[Stored dataset items]
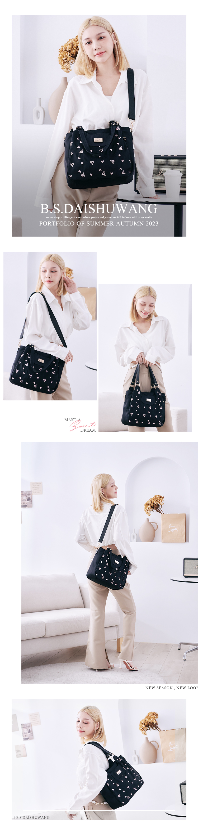 B.S.D.S冰山袋鼠 - 勾心紅妝 - 甜美刺繡兩用托特包 - 心型粉【G980K】
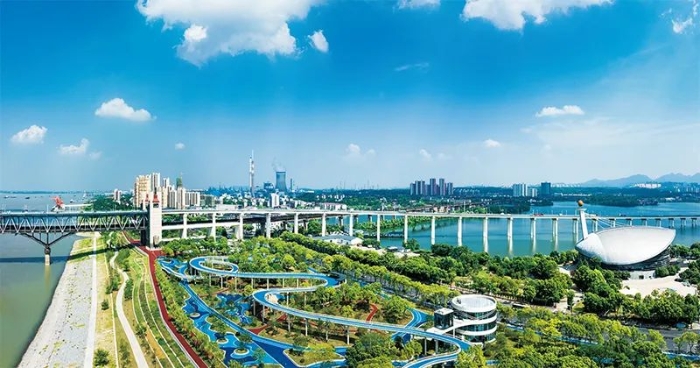 绿色是高质量发展的鲜明底色。近年来,江西省九江市坚持“还江于民、便民利民,生态优先、文化铸魂”原则,积极推进城市滨江绿地建设。图为2023年7月8日,长江国家文化公园九江城区段。石小龙/摄
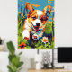 Bring a touch of cuteness to your space with this delightful poster featuring a chibi-style corgi puppy frolicking in a garden. Perfect for animal lovers, this charming design is sure to brighten up any room. Ideal for a child's bedroom, nursery, or anyone who adores these fluffy companions. Get your paws on this playful poster today!
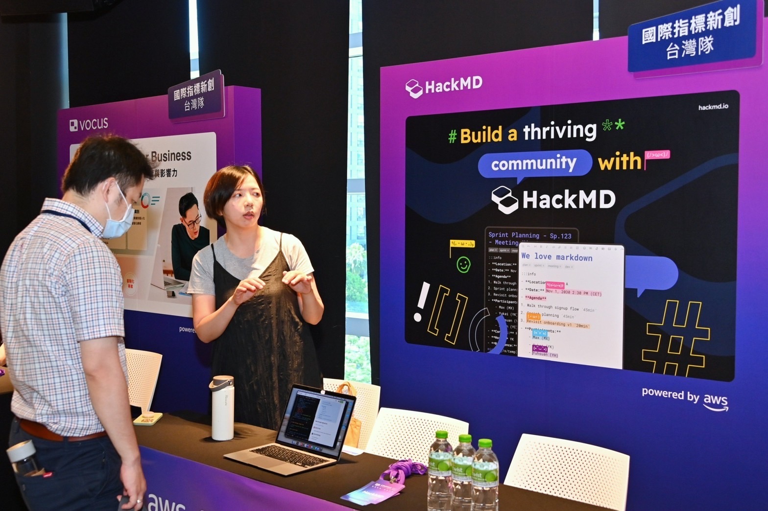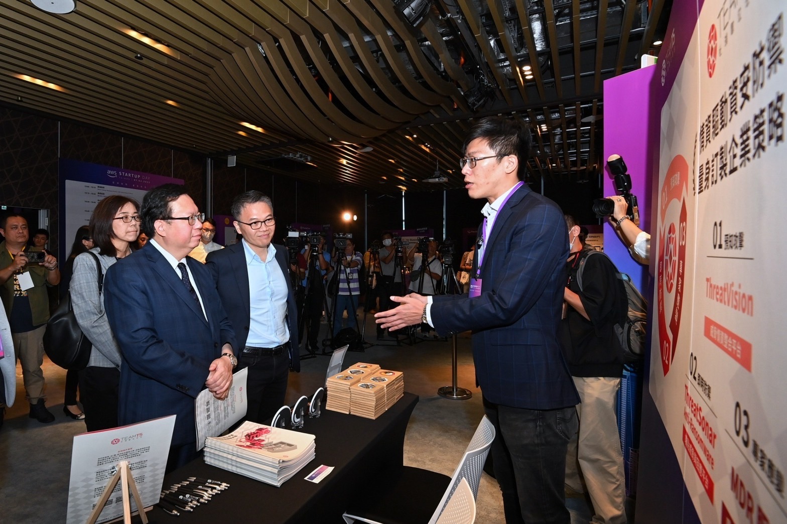 鄭副院長抵達會場後,首先參觀國際指標新創臺灣隊的杜浦數位安全股份有限公司(TEAM T5)以及友榆股份有限公司(Tomofun)AI寵物科技等兩個參展新創公司攤位,並致詞後與AWS台灣暨香港總經理王定愷以及數位發展部數位產業署胡貝蒂副署長等貴賓一起合影留念,為論壇揭開序幕。
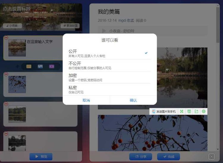 文章點(diǎn)擊完成發(fā)布后,下方偏左有小眼睛的圖標(biāo),點(diǎn)擊設(shè)置“公開”“不公開”“加密”“私密”等權(quán)限。
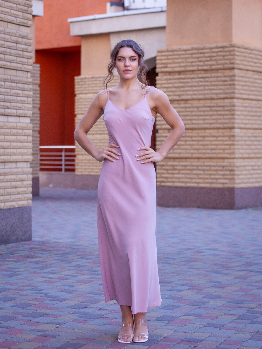Это пленительное длинное платье - все о вас: - Цвет: румянец пастельно-розового оттенка - очаровательный штрих, который украсит любое мероприятие. Полуматовая ткань придает достаточно блеска, не подавляя естественного сияния. Плюсы для тех, кто любит немного мерцания под солнцем! - Стиль и повод: Примите его смещенный силуэт, естественная линия талии прекрасно подчеркивает вашу фигуру. Оно легко переходит из дневного в вечернее время - подумайте об офисных часах, превращающихся в коктейли, или о подружке невесты на свадьбе на закате. Однотонный узор обеспечивает элегантность, неподвластную времени, и подходит для любой обстановки, в то время как его регулярный крой без труда подстраивается под различные формы тела.
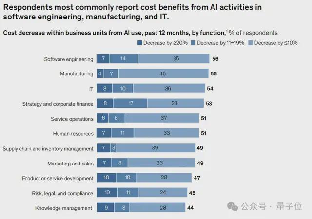 例如软件工程、制造、IT这类以效率提效为核心的岗位更容易吃到红利,而营销、战略、财务则是为数不多能带来“营收提升”的领域:
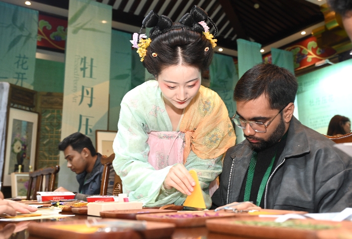洛阳:外国留学生参加“非遗文创雅集”沉浸体验非遗技艺

> [Exercise]
Would you output the lines above from the line holding "鄭副院長抵達會場後,首先參觀" up to and including the line holding "文章點(diǎn)擊完成發(fā)布后,下方偏左有小眼睛", exactly and only those, with no pictures?

> [Answer to this problem]
 鄭副院長抵達會場後,首先參觀國際指標新創臺灣隊的杜浦數位安全股份有限公司(TEAM T5)以及友榆股份有限公司(Tomofun)AI寵物科技等兩個參展新創公司攤位,並致詞後與AWS台灣暨香港總經理王定愷以及數位發展部數位產業署胡貝蒂副署長等貴賓一起合影留念,為論壇揭開序幕。
 文章點(diǎn)擊完成發(fā)布后,下方偏左有小眼睛的圖標(biāo),點(diǎn)擊設(shè)置“公開”“不公開”“加密”“私密”等權(quán)限。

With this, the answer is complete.